■ **TASK DIRECTIONS**: Print exactly the lines below between the line containing "1957.1958 Toulon au" and the line containing "1PC Bohemia Women", counting both of those lines. Leave pictures out.

■ **DATA EXTRACTS**:

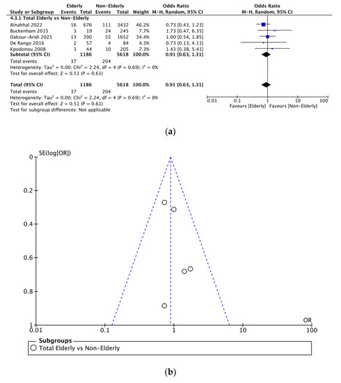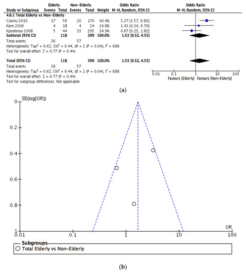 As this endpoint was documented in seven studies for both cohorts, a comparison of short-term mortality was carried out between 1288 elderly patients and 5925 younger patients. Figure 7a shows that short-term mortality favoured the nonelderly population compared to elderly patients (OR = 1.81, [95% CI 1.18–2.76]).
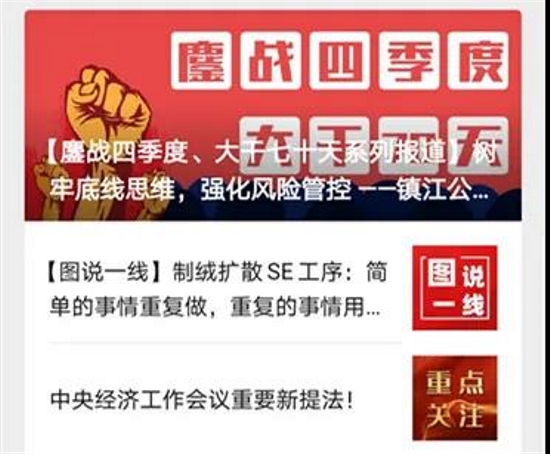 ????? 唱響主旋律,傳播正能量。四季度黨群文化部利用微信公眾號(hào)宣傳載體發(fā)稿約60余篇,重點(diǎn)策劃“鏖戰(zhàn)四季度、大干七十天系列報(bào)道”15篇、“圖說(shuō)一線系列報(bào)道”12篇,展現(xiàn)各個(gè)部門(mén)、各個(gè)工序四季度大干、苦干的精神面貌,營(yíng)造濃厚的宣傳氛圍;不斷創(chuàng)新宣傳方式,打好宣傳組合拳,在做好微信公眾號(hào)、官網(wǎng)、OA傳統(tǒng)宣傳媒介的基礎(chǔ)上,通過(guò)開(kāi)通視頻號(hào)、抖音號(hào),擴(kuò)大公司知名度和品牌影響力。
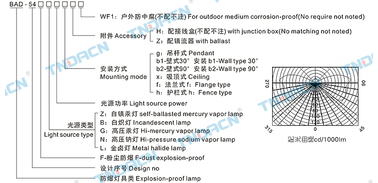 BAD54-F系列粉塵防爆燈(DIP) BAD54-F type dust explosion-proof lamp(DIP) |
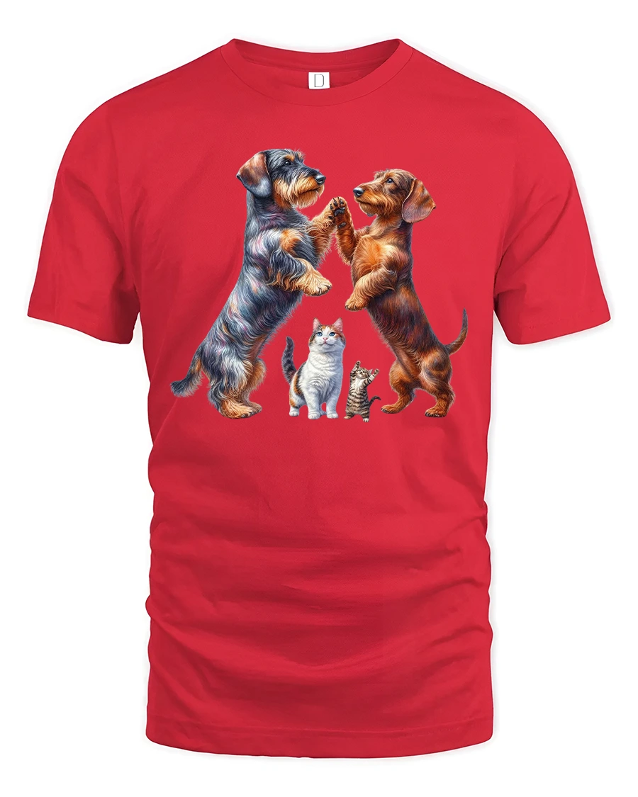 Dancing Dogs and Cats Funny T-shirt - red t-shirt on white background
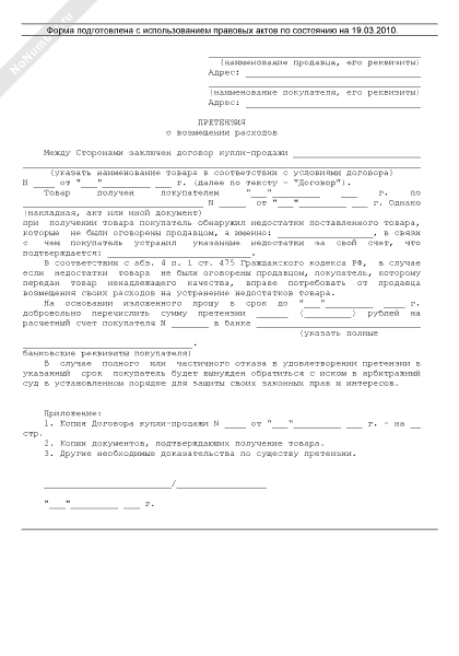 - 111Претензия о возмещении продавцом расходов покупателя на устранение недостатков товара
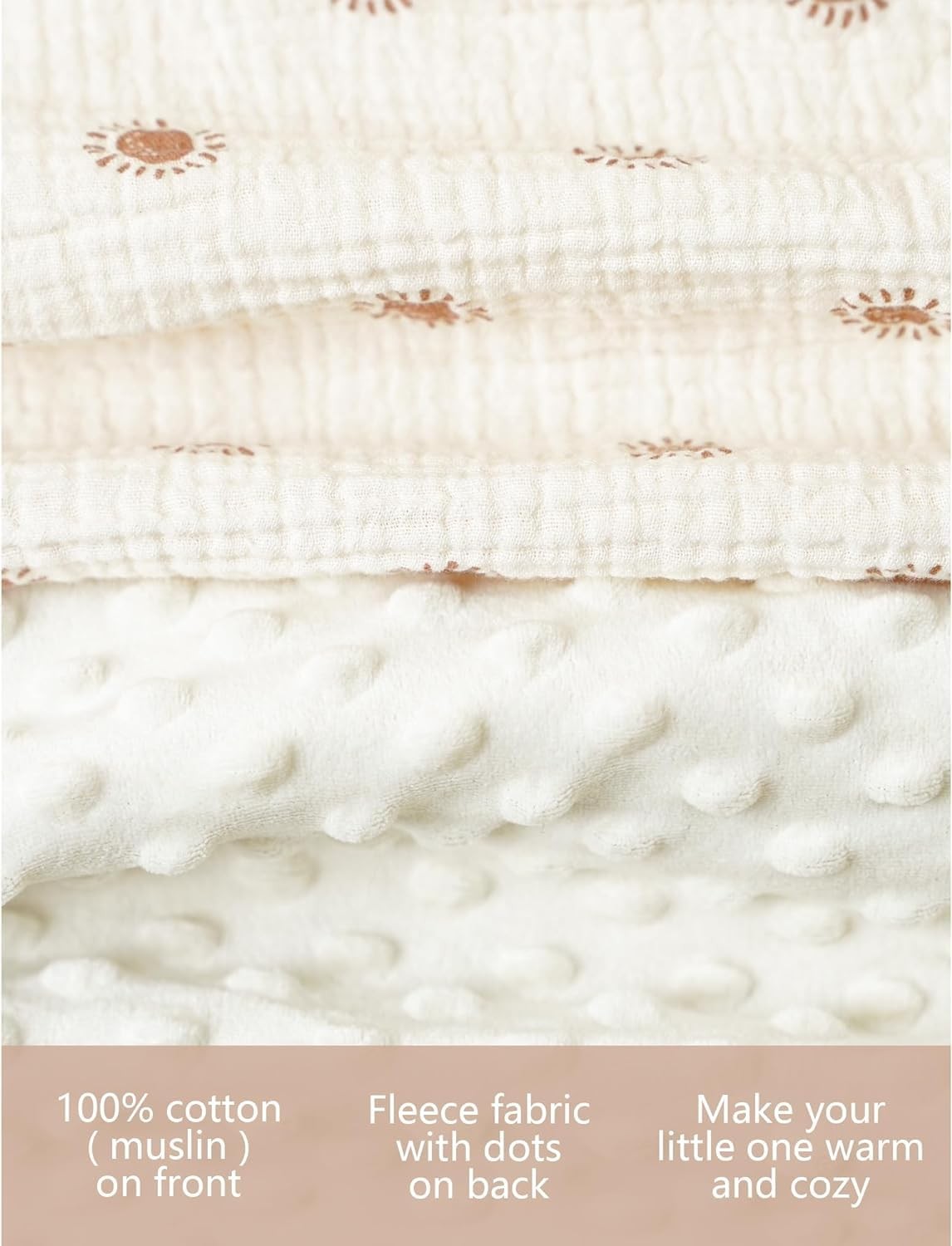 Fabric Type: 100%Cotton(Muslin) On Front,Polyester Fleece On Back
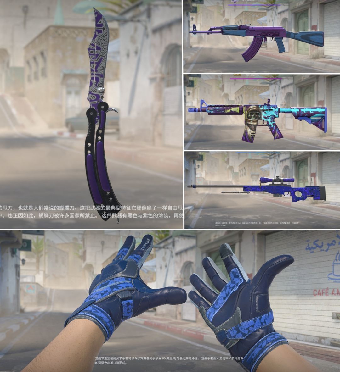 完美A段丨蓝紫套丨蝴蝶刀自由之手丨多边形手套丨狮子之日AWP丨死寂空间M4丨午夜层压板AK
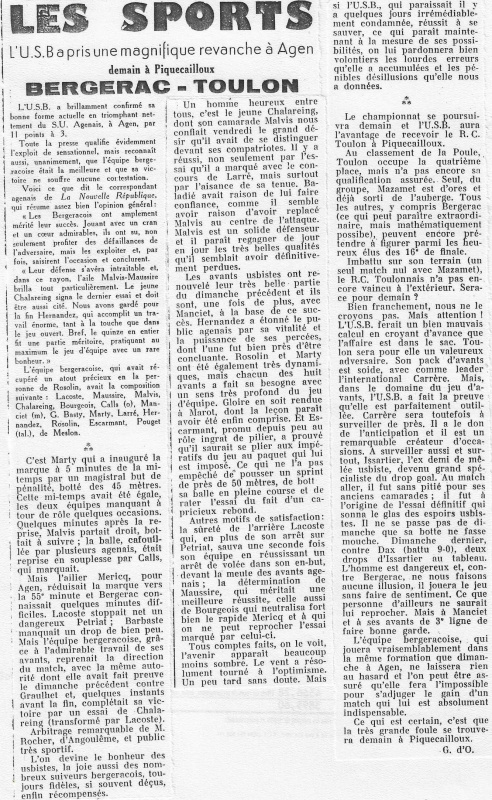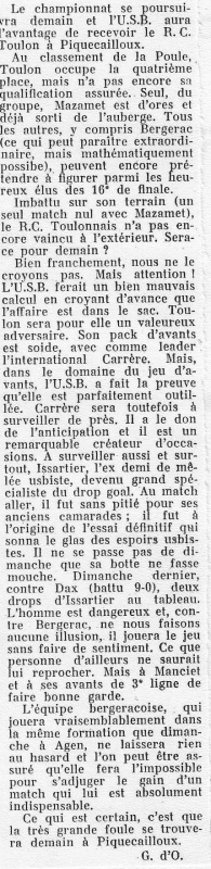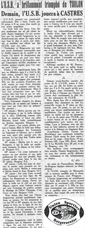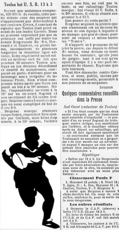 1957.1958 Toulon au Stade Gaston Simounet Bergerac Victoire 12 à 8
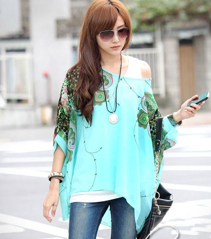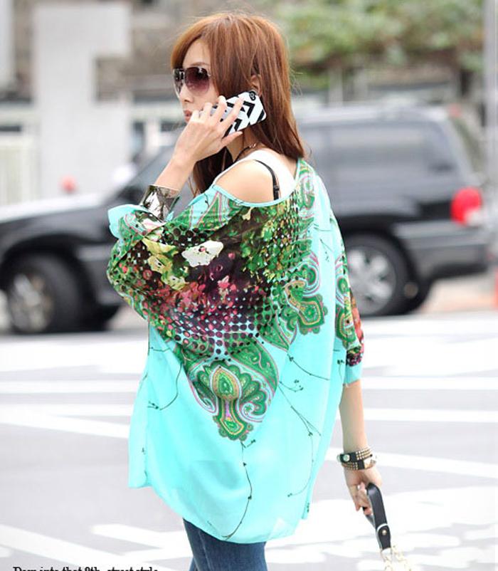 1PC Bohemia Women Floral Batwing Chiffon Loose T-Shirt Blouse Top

==

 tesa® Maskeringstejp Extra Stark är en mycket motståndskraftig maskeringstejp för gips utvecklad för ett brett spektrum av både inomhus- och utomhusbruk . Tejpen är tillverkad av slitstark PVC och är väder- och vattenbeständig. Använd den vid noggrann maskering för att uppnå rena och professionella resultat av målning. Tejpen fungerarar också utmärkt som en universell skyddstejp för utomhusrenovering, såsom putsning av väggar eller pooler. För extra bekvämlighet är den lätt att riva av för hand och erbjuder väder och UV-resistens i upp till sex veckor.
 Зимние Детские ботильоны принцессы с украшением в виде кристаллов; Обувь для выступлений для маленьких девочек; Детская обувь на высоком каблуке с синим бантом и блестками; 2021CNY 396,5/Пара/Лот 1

■ **FINAL ANSWER**:
 1957.1958 Toulon au Stade Gaston Simounet Bergerac Victoire 12 à 8
 1PC Bohemia Women Floral Batwing Chiffon Loose T-Shirt Blouse Top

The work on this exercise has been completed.